To determine whether the presence of additional PRH binding sites in pGL2-Gsc would result in further DNA compaction, we cloned an array of PRH binding sites into this construct and the empty pGL2 vector. Plasmid pGL2-Gsc-PRHx5 contains an array of five PRH binding sites identified in SELEX experiments (5) cloned 3 kb away from the existing array of PRH sites in the Goosecoid promoter [Figure 4(a), line 3]. These sites are well characterized and are known to be bound by PRH in both electrophoretic mobility shift assay (EMSA) and reporter assays (10,20). Plasmid pGL2-PRHx5 contains the same array of five PRH sites but lacks the Goosecoid promoter. LD signals were recorded for DNA alone or DNA in the presence of PRH or PRH HD as described earlier. As seen with the plasmid containing the Goosecoid promoter sequences, the negative LD signal for pGL2-PRHx5 decreases in the presence of full-length PRH, although in this case, the change is only pronounced at 450-nM PRH (data not shown). This confirms that PRH binds to these sites under these conditions [and as shown previously using other methods (5,16)]. The negative LD signal for pGL2-Gsc-PRHx5 is increased in the presence of PRH–HD and the increase depends upon the protein concentration [Figure 4(f)]. The negative LD signal for pGL2-Gsc-PRHx5 is decreased in the presence of full-length PRH [Figure 4(g)]. However, at a low PRH concentration there is little change in the negative signal and possibly even an increase in the negative signal. We attribute this to the fact that the effective PRH:specific site DNA ratio is lower when there are two binding site arrays within the plasmid competing for specific binding by PRH. At higher PRH concentrations, additional LD maxima occur in the region of the far UV (230 nm) and at ~280 nm and these accompany a significant reduction in the amplitude of the negative LD signal for DNA (260 nm) [Figure 4(g)]. These results suggest that specific DNA binding by PRH compacts pGL2-Gsc-PRHx5 to a greater extent than that seen with pGL-Gsc or pGL2-PRHx5. Furthermore, the LD maximum in the far UV suggests that PRH oligomers associate to form an organized PRH fibre on the DNA, in which proteins become aligned, and hence, produces an overlying LD spectrum containing signals from backbone and side-chain chromophores.
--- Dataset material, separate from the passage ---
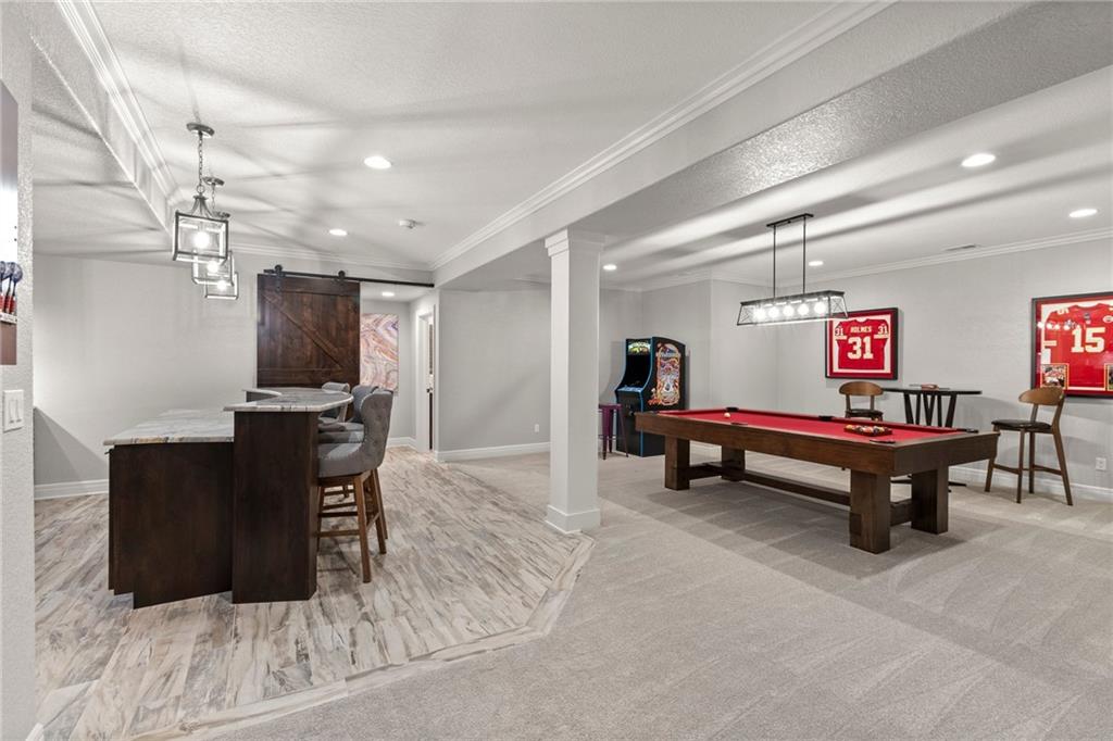 Prepare to fall in love with 14530 Grant Lane in the highly sought-after Windsor Hills neighborhood! A stunning retreat in the heart of Overland Park, KS! This 4-bedroom, 4.5-bathroom home effortlessly combines elegance and functionality, offering the perfect backdrop for modern living. Need extra flexibility? The main floor boasts a dedicated office that could easily transform into a 5th bedroom—ideal for guests or a growing household. Step inside to discover a spacious, open-concept living room bathed in natural light, with a large formal dining room at the entry plus a cozy dinette area. The kitchen is a chef's dream, featuring ample counter space, a generous walk-in pantry, and plenty of room to gather and create. Upstairs, convenience reigns with a second-floor laundry room, perfectly placed near the bedrooms. And the magic doesn’t stop there—venture downstairs to the expansive finished basement where endless opportunities await. This incredible space features a huge living room/entertainment area perfect for movie nights, game days, or hosting large gatherings. The built-in bar adds a touch of sophistication and makes entertaining a breeze, while the full bathroom ensures comfort and convenience for your guests. Whether you’re envisioning a cozy family retreat, a lively party space, or a home gym, this basement delivers in spades. Don’t overlook the outdoor sanctuary waiting just for you. The private backyard is a lush retreat, featuring beautiful landscaping that creates a peaceful oasis for relaxation or entertaining. Picture yourself enjoying morning coffee on the patio, hosting barbecues with friends, or simply unwinding amidst the greenery after a long day. To top it off, imagine waking up to serene views of the neighborhood’s large, tranquil pond just beyond your front door. This home offers the lifestyle you’ve been searching for: space, charm, and a location that can’t be beat. Schedule your tour today and discover the possibilities!

DNA compaction by PRH does not result in transcriptional repression

The above-described experiments indicate that the presence of an array of PRH binding sites results in DNA compaction and the formation a repetitive PRH–DNA fibre in vitro. As several PRH target promoters contain multiple clusters of PRH binding sites, these findings suggest that DNA compaction could play a role in the repression of transcription by PRH. Alternatively, DNA compaction by PRH could simply be a consequence of the highly oligomeric nature of this protein and be independent of the ability of this protein to repress transcription via, for example, the recruitment of co-repressor proteins. To test these possibilities we transiently transfected a series of reporter plasmids containing varying numbers of PRH sites and different promoter sequences into mammalian cells and examined the effects of PRH on their activity. We made use of K562 cells for these experiments because these cells express PRH endogenously. The luciferase reporter plasmids shown in Figure 5(a) were transiently co-transfected into K562 cells along with a plasmid expressing β-galactosidase that is used as a control for variations in transfection efficiency. Twenty-four hours post-transfection, the cells were harvested and the relative promoter activity calculated in each case by dividing the luciferase activity by the β-galactosidase activity. As expected, based on our previously published results, when an array of five PRH binding sites is present upstream of the minimal thymidine kinase promoter (TKmin-PRH), relative promoter activity is significantly reduced [Figure 5(b), compare columns 1 and 2]. We interpret this reduction in relative promoter activity to be due to endogenous PRH proteins binding to the PRH binding sites in the reporter and bringing about the repression of transcription. In order to confirm, this we repeated this experiment in K562 cells in which endogenous PRH has been knocked down using shRNA [as shown in Figure 5(c)]. In the PRH knock down cells, the relative promoter activities produced by the TKmin and TKmin-PRH constructs are not significantly different [Figure 5(b), columns 3 and 4].

Figure 5.
DNA compaction in not sufficient to repress transcription. (a) A schematic representation of the reporter plasmids used in this study. The transcription start point is represented by an arrow, filled rectangles represent a synthetic array of five PRH ...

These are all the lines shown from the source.